Is Christine Lagarde, France’s gifted financial minister, a shoo-in to succeed her fallen countryman Dominique Strauss-Kahn as the next IMF chief? Not so fast. In the first of his "Letters From the Editor" column, Bill Inman explains why a broader search would improve a voting system

Dear IMF:

I understand your organization is undergoing a massive job search to find a new managing director to replace the suddenly fallen Dominique Strauss-Kahn. And that nominations are pouring in from around the world.

Not surprising given that the International Monetary Fund is a global entity, rising from the ashes of World War II to oversee the world’s financial system and counting 187 nation-members, up from 29 a few decades ago. It has offices in most developed countries and a rambling headquarters complex not far from the White House in Washington.

So imagine my puzzlement when I learned that the inside betting is that Dominique’s replacement will be another French national, more precisely a French woman, Christine Lagarde, France’s gifted financial minister.

Nothing against Minister Lagarde. By all accounts she is talented and driven. But she is French and the voting to this point seems to be far from an open process, certainly not a mechanism explainable or accessible to the press. Yet this organization whose offices span the globe — an organization that sincerely promotes transparency, open governance and accountability in finance — has determined to choose its next leader in a closed room by a handful of unelected electors.

Why not a banker from Brazil, the fastest growing economy in the Americas; or from China, the fastest growing economy in the world; or from the host of vibrant emerging and frontier economies who have inherited the mantle of financial leadership now that the West has shown its fragility. You get my drift. None of these countries has ever had an opportunity to place a top man or woman at the IMF.

Am I overstating the case? I think not. These countries know they’ve been snubbed. And these are the same now called upon to address debt issues of Europe (left unfixed by decades of IMF neglect), make sense of exchange rates in Asia and the address the balance of payments crisis in the U.S.

Consider this unusual joint statement from South Africa and Australia:

“In order to maintain trust, credibility and legitimacy," the two nations declared when they heard they were not in the bidding for the IMF spot, “there must be an open and transparent selection process which results in the most competent person being appointed as managing director regardless of their nationality.”

To be sure, there is no scarcity of viable candidates. Most recently mentioned: Agustin Carstens, central bank governor in Mexico; Montek Singh Ahluwalia, deputy chairman of  the planning commission in India; Trevor Manuel, former finance minister of South Africa; and Kemal Dervis, former finance minister of Turkey.
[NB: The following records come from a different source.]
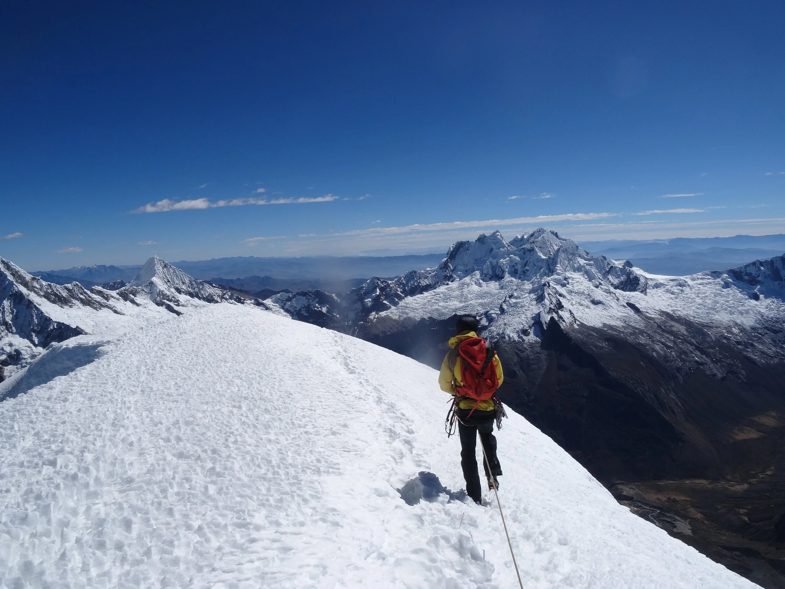 Wir überwindeten eine Hand voll wundersamer Eispilze und erreichten bald flacheres Gelände. Die letzten Meter am Grat konnten wir im einfachen Gehgelände beschreiten. Auch wenn unsere Pumpen in dieser Höhe eifriger denn je arbeiteten, fühlten wir uns innerlich wohl. Um 09:30 saßen wir am Gipfel des 6025m hohen Artesonraju. Wir stärkten uns mit Tee und einer Hand voll sauren Gummiwürmchen, die Niklas für diesen besonderen Moment mitgebracht hatte. Ehe wir an den bevorstehenden Abstieg dachten, genossen wir die außergewöhnlich schöne Aussicht auf diesem fast freistehenden Berg.
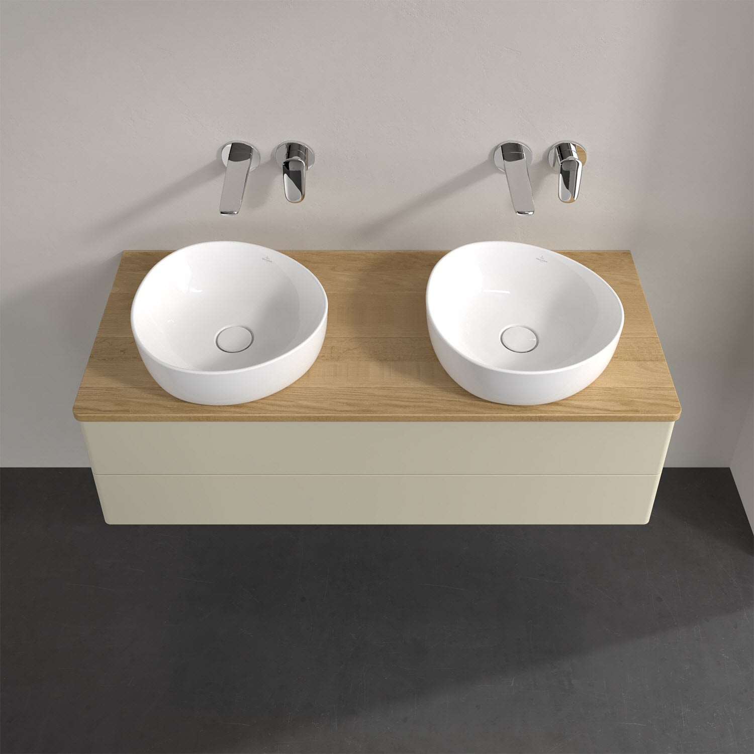Für diesen Waschbeckenunterschrank stehen Ihnen Aufsatzwaschtische aus verschiedenen Serien zur Verfügung (siehe "Passliste" unter Downloads). Ein ausgewähltes Beispiel finden Sie im Zubehör. Den Waschtisch bitte separat mitbestellen.
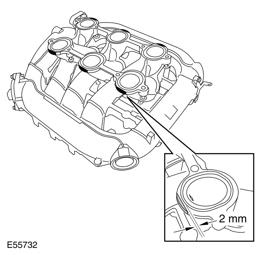 2 Early vehicles only: Remove excess material from the outside edges of the 6 intake manifold flange faces; file to within 2 mm of the gasket edge.
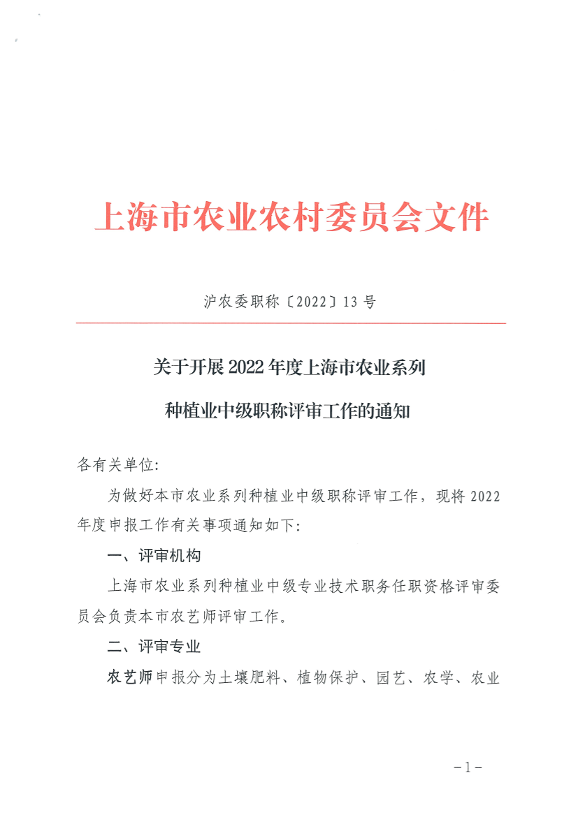 为做好本市农业系列种植业中级职称评审工作,现将2022年度申报工作有关事项通知如下:
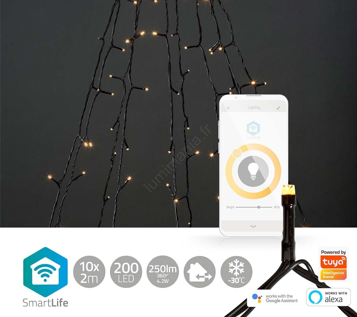 Rideau de Noël extérieur 200xLED/8 fonctions 10x2m IP65 Wi-Fi Tuya blanc chaud

For a moment, imagine the positive impact on the world of a well-educated, western-oriented moderate Moslem selected to run the IMF.

Time is not on the side of a diverse search, unfortunately. The IMF wants to name a new leader by June 30, in time to deal with the growing debt crisis in Europe. Since Greece received its $150 billion (110 billion euros) bailout, the country has lurched from crisis to disaster.  The IMF is scrambling to keep Greece from a default.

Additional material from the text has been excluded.